[Start of Attachment]
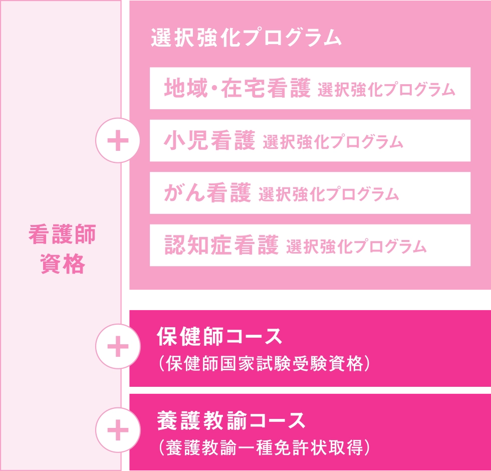 次世代の看護師に求められる専門スキルを身につけるため「選択強化プログラム」を用意するほか、「保健師」「養護教諭一種」の資格取得を目指す専門コースを設置するなど多様なカリキュラムを備えています。
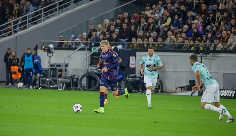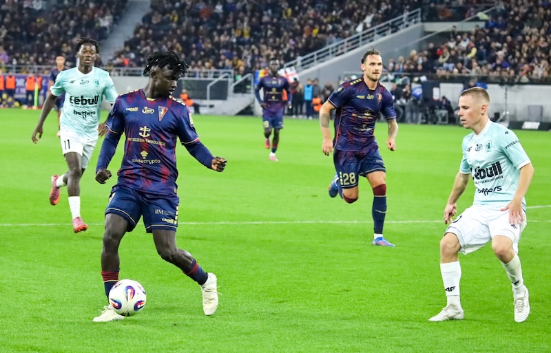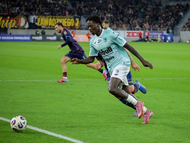 Początek spotkania był wyrównany i gra toczyła się w środku pola, choć szczecinianie próbowali ataku pozycyjnego, a goście nastawili się na kontrataki, ale po kwadransie zaczęły się emocje. Pierwszy celny strzał, z którym poradził sobie Cojocaru, oddał Lokilo, a w 16. minucie daleki strzał Greenwooda został obroniony, zaś dwie minuty później po dobrym dośrodkowaniu Greenwooda, Juwara strzałem głową trafił w poprzeczkę i później dwukrotnie dobijał Grosicki (Plach odbił piłkę, a Drapiński cudem zablokował strzał), więc skończyło się tylko rzutem rożnym. Po trzech minutach w sytuacji sam na sam z bramkarzem, choć z ostrego kąta, znalazł się Molnar, lecz golkiper był górą. W 24. minucie ostro w polu karnym atakowany był Greenwood, ale po krótkiej przerwie na kontakt z VAR-em, sędzia nakazał grać dalej. Dwie minuty później pierwszą, ale zarazem 100-procentową okazję miał Piast, ale strzał Sancy sprzed bramki głową wybił Ulvestad. Później oglądaliśmy dwa strzały Greenwooda (obroniony i minimalnie niecelny) oraz uderzenie Juwary tuż obok słupka. W 39. minucie po udanym pressingu Molnar wyłożył piłkę Juwarze, ale ten w świetnej pozycji nie trafił w bramkę. Dwie minuty później Greenwood idealnie dośrodkował z rzutu rożnego, a N'Diaye ładną główką dał szczecinianom prowadzenie. Po stracie gola Piast zaatakował i bardzo szybko, po dalekiej centrze i odegraniu piłki, błąd naszej defensywy wykorzystał Barkowskij z niecałego metra posłał piłkę do pustej bramki. Pierwsza połowa zakończyła się strzałem Juwary obok bramki.
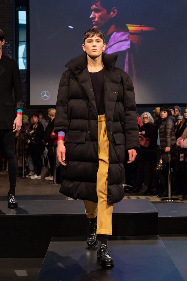 The detail- awareness of this collection definitely deserves devotion, for instance over- sized tendencies are used repeatedly, may it be in his jackets or coats. One coat is even provided with cut- offs at the sleeves. Completely compelling! The collars of the coats and jackets are often worn raised. Thus, the overall image of these outfits stays incredibly unique but always wearable. In cooperation with Monokel, Mavic and Falke the performance at the Mercedes- Benz Fashion Week Berlin, we left the show with lots of stylish inspirations and it was a great start into the fashion year 2019.
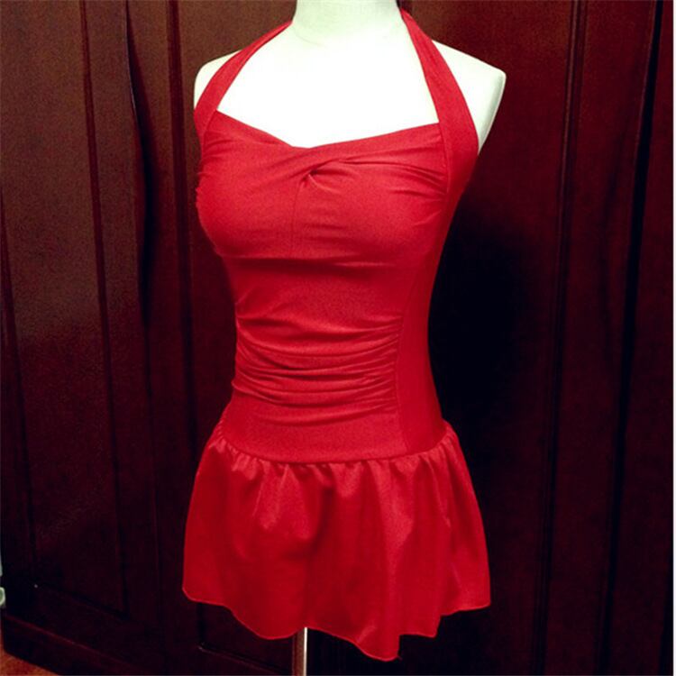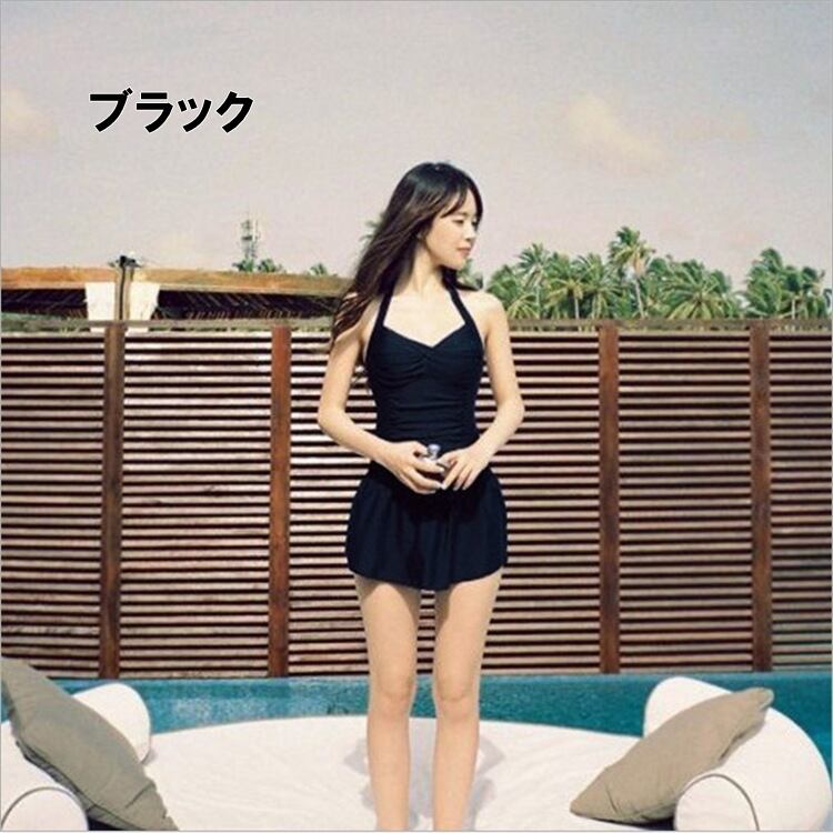 水着 レディース 送料無料 3色 ピンク レッド ブラック ミニワンピース フレア ホルターネック バックコンシャス シャーリング ギャザー 切り替え フロントクロスワンピース水着 セクシー 体型カバー おしゃれ 可愛い レトロ クラシカル クロスネック スカート フレア オリエンタル 10代 20代 30代 40代
[End of Attachment]
AIM OF THE EXERCISE: Without the pictures, write out the whole listing exactly as it appears.

RESPONSE BOX:
 次世代の看護師に求められる専門スキルを身につけるため「選択強化プログラム」を用意するほか、「保健師」「養護教諭一種」の資格取得を目指す専門コースを設置するなど多様なカリキュラムを備えています。
 Początek spotkania był wyrównany i gra toczyła się w środku pola, choć szczecinianie próbowali ataku pozycyjnego, a goście nastawili się na kontrataki, ale po kwadransie zaczęły się emocje. Pierwszy celny strzał, z którym poradził sobie Cojocaru, oddał Lokilo, a w 16. minucie daleki strzał Greenwooda został obroniony, zaś dwie minuty później po dobrym dośrodkowaniu Greenwooda, Juwara strzałem głową trafił w poprzeczkę i później dwukrotnie dobijał Grosicki (Plach odbił piłkę, a Drapiński cudem zablokował strzał), więc skończyło się tylko rzutem rożnym. Po trzech minutach w sytuacji sam na sam z bramkarzem, choć z ostrego kąta, znalazł się Molnar, lecz golkiper był górą. W 24. minucie ostro w polu karnym atakowany był Greenwood, ale po krótkiej przerwie na kontakt z VAR-em, sędzia nakazał grać dalej. Dwie minuty później pierwszą, ale zarazem 100-procentową okazję miał Piast, ale strzał Sancy sprzed bramki głową wybił Ulvestad. Później oglądaliśmy dwa strzały Greenwooda (obroniony i minimalnie niecelny) oraz uderzenie Juwary tuż obok słupka. W 39. minucie po udanym pressingu Molnar wyłożył piłkę Juwarze, ale ten w świetnej pozycji nie trafił w bramkę. Dwie minuty później Greenwood idealnie dośrodkował z rzutu rożnego, a N'Diaye ładną główką dał szczecinianom prowadzenie. Po stracie gola Piast zaatakował i bardzo szybko, po dalekiej centrze i odegraniu piłki, błąd naszej defensywy wykorzystał Barkowskij z niecałego metra posłał piłkę do pustej bramki. Pierwsza połowa zakończyła się strzałem Juwary obok bramki.
 The detail- awareness of this collection definitely deserves devotion, for instance over- sized tendencies are used repeatedly, may it be in his jackets or coats. One coat is even provided with cut- offs at the sleeves. Completely compelling! The collars of the coats and jackets are often worn raised. Thus, the overall image of these outfits stays incredibly unique but always wearable. In cooperation with Monokel, Mavic and Falke the performance at the Mercedes- Benz Fashion Week Berlin, we left the show with lots of stylish inspirations and it was a great start into the fashion year 2019.
 水着 レディース 送料無料 3色 ピンク レッド ブラック ミニワンピース フレア ホルターネック バックコンシャス シャーリング ギャザー 切り替え フロントクロスワンピース水着 セクシー 体型カバー おしゃれ 可愛い レトロ クラシカル クロスネック スカート フレア オリエンタル 10代 20代 30代 40代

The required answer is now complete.